Uma boa palavra para descrever este livro seria, sem dúvida alguma, invulgar. E por vários motivos. Em primeiro lugar, o registo pausado, com momentos muito introspectivos, está bastante longe do tom que geralmente se encontra neste tipo de história. Há, aliás, vários momentos em que o mistério na cabeça de Bernardo - quem é B. S. e que razões o movem - passa para segundo plano ante o seu próprio percurso pessoal e os dilemas que lhe pairam no pensamento.
Há também um caminho muito próprio na história do dito B. S., caminho que, embora pareça, por vezes, um pouco rebuscado - principalmente, nas conversas que tem com Bernardo, em que alguns dos diálogos parecem um pouco forçados - , não deixa, ainda assim, de ter bastante de interessante na sua evolução. Além disso, ainda que o rumo geral da história possa não ser especialmente surpreendente, há no acompanhar desse percurso - com todas as questões morais e essenciais que lhe estão associadas - algo de estranhamente cativante.
E depois há as inevitáveis questões que surgem do facto de haver uma personagem a fazer justiça pelas próprias mãos: a possibilidade de errar, a legitimidade de assumir um tal papel, as consequências dessa escolha na estabilidade mental daquele que as faz... Todo um conjunto de perguntas que, apesar da brevidade do enredo, estão bem presentes na evolução da história, contribuindo também para tornar a leitura mais cativante.

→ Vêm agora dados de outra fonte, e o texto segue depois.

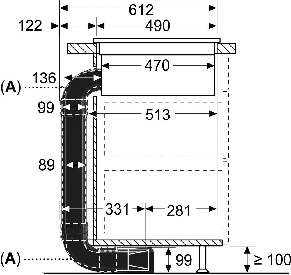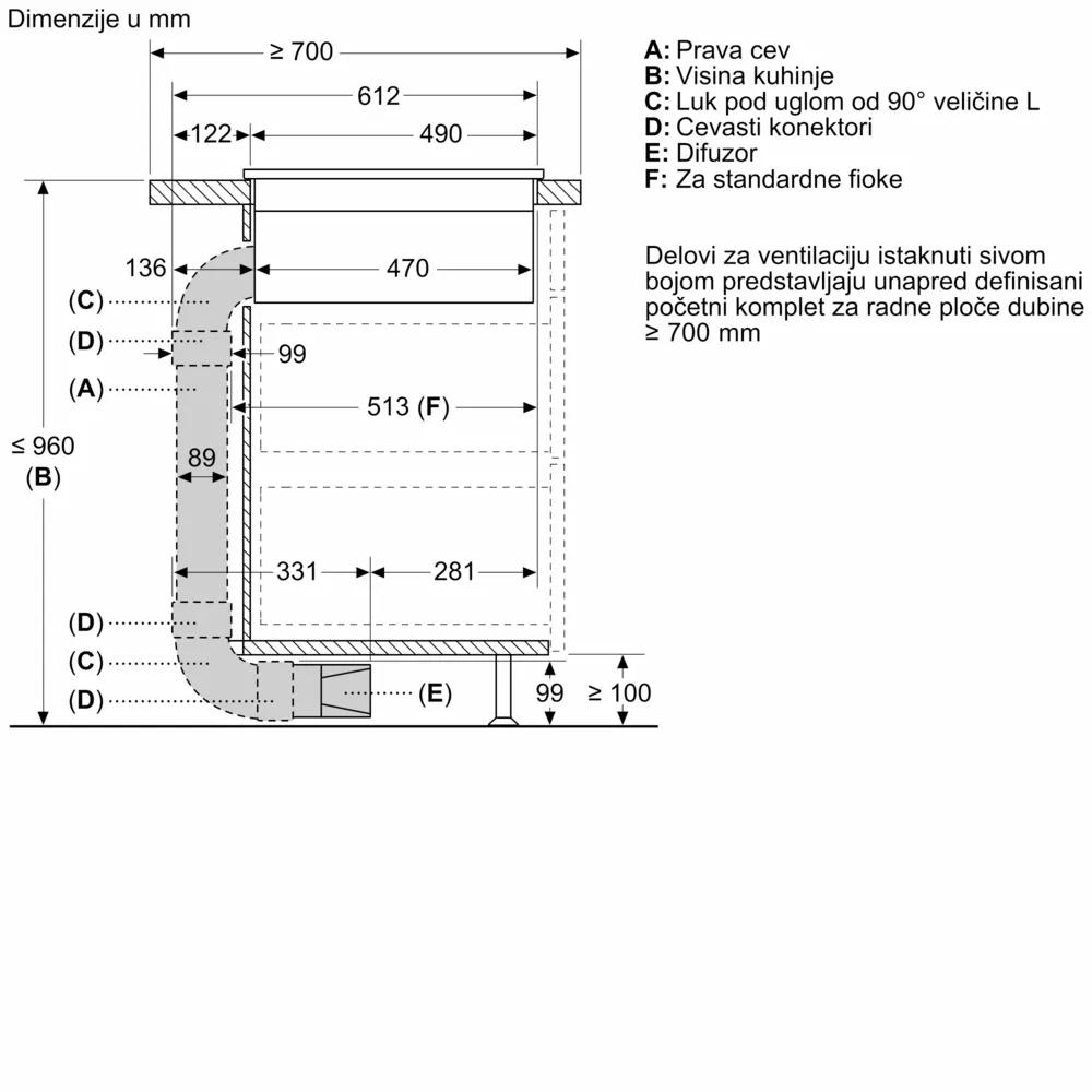 Komplet dodatnog pribora za konfiguracije za recirkulaciju delimično putem cevi vaše ploče za kuvanje sa ugrađenim modulom za ventilaciju u kuhinjama u kojima je dubina radne ploče 70 cm ili više.

Mistério e introspecção funcionam, portanto, como lados complementares na construção deste livro. De uma história que, relativamente breve e de ritmo bastante pausado, acaba por se revelar, apesar disso, estranhamente envolvente. Gostei.
Título: A Cruz do Assassino
Autor: Paulo Bicho Garcia
Origem: Recebido para crítica
Obrigado, Carla Ribeiro, pela sua crítica.